• WORK ORDER
Nothing but the lines from the one containing "U kupatilu je" through the end of the data below should appear in the answer, each exact and free of pictures.

• DATA SHOWN
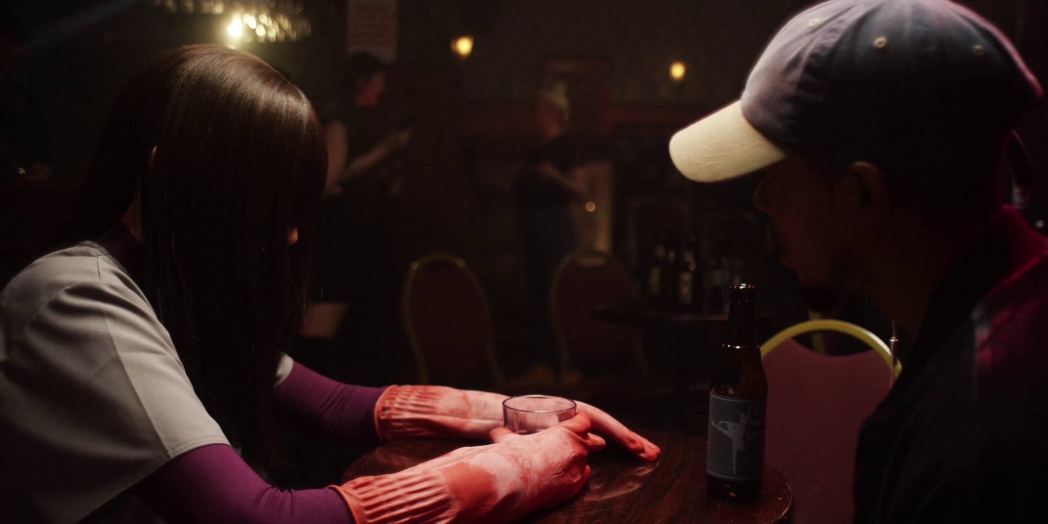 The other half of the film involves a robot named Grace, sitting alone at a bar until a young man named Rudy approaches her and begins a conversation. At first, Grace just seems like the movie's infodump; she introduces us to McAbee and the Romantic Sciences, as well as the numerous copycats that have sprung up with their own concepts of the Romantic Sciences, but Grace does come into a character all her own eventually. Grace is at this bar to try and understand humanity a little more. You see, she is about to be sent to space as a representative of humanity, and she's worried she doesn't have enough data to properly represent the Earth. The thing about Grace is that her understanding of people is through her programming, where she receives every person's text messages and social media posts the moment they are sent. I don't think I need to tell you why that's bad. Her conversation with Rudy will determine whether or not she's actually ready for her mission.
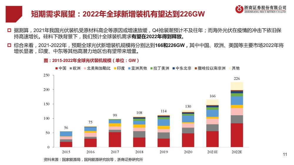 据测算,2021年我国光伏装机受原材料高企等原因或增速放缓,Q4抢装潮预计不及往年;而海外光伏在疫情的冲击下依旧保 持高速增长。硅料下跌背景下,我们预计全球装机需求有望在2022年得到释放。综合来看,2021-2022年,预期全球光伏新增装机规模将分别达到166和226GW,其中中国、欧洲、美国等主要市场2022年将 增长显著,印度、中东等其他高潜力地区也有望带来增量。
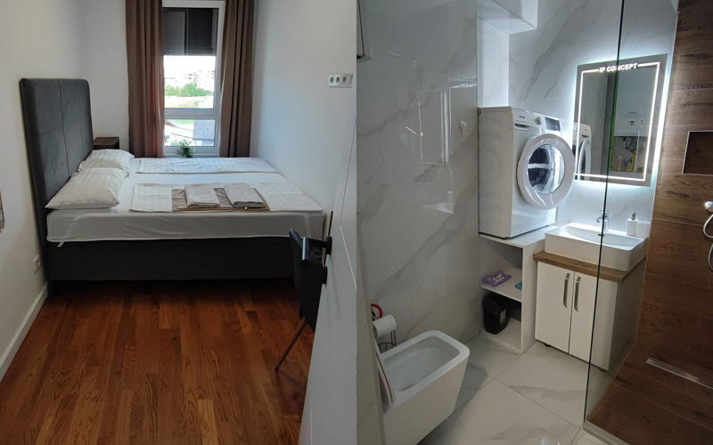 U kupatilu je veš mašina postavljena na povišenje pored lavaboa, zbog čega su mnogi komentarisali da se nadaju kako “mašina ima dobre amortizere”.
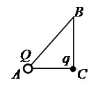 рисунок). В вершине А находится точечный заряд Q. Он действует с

• WRITTEN ANSWER
 U kupatilu je veš mašina postavljena na povišenje pored lavaboa, zbog čega su mnogi komentarisali da se nadaju kako “mašina ima dobre amortizere”.
 рисунок). В вершине А находится точечный заряд Q. Он действует с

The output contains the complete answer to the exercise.